#### [Dataset extract]
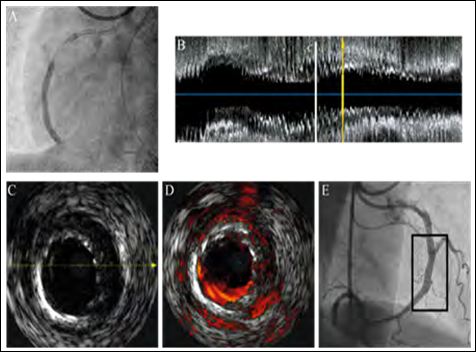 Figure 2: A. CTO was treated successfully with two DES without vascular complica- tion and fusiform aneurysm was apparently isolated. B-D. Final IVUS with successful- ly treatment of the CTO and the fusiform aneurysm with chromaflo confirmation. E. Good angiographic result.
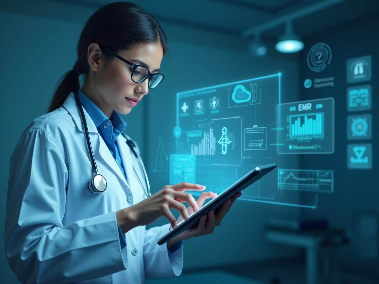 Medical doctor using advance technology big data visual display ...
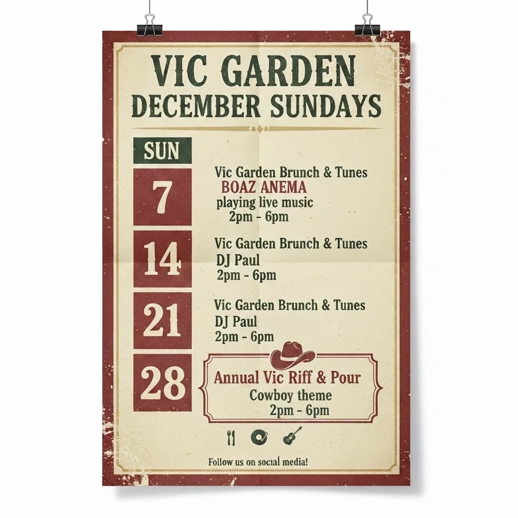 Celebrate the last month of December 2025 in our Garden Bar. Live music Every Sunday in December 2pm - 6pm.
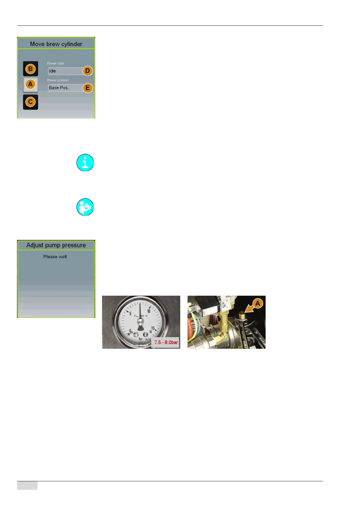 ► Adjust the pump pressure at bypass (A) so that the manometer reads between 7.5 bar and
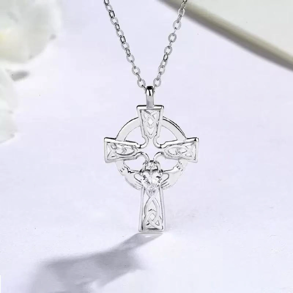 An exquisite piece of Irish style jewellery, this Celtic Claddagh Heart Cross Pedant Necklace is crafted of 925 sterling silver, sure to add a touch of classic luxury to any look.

#### [Task description]
Exclude the pictures and print the rest of the data exactly.

#### [Solution to the exercise]
 Figure 2: A. CTO was treated successfully with two DES without vascular complica- tion and fusiform aneurysm was apparently isolated. B-D. Final IVUS with successful- ly treatment of the CTO and the fusiform aneurysm with chromaflo confirmation. E. Good angiographic result.
 Medical doctor using advance technology big data visual display ...
 Celebrate the last month of December 2025 in our Garden Bar. Live music Every Sunday in December 2pm - 6pm.
 ► Adjust the pump pressure at bypass (A) so that the manometer reads between 7.5 bar and
 An exquisite piece of Irish style jewellery, this Celtic Claddagh Heart Cross Pedant Necklace is crafted of 925 sterling silver, sure to add a touch of classic luxury to any look.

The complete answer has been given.